June 14, 2013
On Wednesday, the U.S. Supreme Court decided against a biotech firm that had sought to patent the locations and mutations of the BRAC 1 and BRAC 2 genes, which are associated with an increased risk in breast and ovarian cancer in women. A patent would have given the company, Myriad Genetics, control and a lucrative stake in certain types of tests and treatments for these cancers.
As I have written about previously, the application of intellectual property protections to living things is an issue that is increasing in complexity, importance and relevance. This is especially true where human health is concerned.
As the field of medicine develops more and more genetic-based tests, stem cell treatments and the like, our legal system has struggled with how to best reward companies for making important breakthroughs without becoming “Gattaca” or a nightmare George Orwell might have had.

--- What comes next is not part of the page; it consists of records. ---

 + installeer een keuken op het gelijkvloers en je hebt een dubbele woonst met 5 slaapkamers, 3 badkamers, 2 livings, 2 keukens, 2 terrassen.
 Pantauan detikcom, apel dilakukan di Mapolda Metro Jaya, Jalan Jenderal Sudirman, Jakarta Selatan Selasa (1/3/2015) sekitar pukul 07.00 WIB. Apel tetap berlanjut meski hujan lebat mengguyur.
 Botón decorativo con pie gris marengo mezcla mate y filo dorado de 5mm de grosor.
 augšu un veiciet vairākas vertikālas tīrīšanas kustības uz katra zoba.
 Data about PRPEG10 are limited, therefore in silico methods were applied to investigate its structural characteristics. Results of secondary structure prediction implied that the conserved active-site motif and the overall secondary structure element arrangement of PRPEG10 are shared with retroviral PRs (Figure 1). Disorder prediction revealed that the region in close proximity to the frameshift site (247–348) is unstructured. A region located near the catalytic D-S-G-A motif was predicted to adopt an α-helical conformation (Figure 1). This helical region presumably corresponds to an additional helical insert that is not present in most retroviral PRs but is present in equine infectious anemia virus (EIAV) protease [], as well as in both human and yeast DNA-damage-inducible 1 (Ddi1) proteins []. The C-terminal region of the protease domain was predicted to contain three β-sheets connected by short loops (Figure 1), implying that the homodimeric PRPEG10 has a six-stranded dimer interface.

Although other cases have been thorny brambles of ethical, philosophical and moral issues – to say nothing of convoluted legal arguments and theories – my initial reaction to the Myriad Genetics decision is that it was not one of those cases.
What interested me about this case is that it seems to have been decided on a fairly basic premise of patent law. Myriad performed a very useful service by finding these genes, the court wrote, but it did not actually invent anything. Therefore, it has no right to a patent in this circumstance.
(To greatly oversimplify this doctrine, no one could patent, say, a wildflower, because it was not invented by anyone but nature. A new hybrid of rose, however, could most likely be patented, since it came into existence thanks to human ingenuity and intervention.)
As is always the case with these kind of decisions, we certainly have not heard the last word on this issue.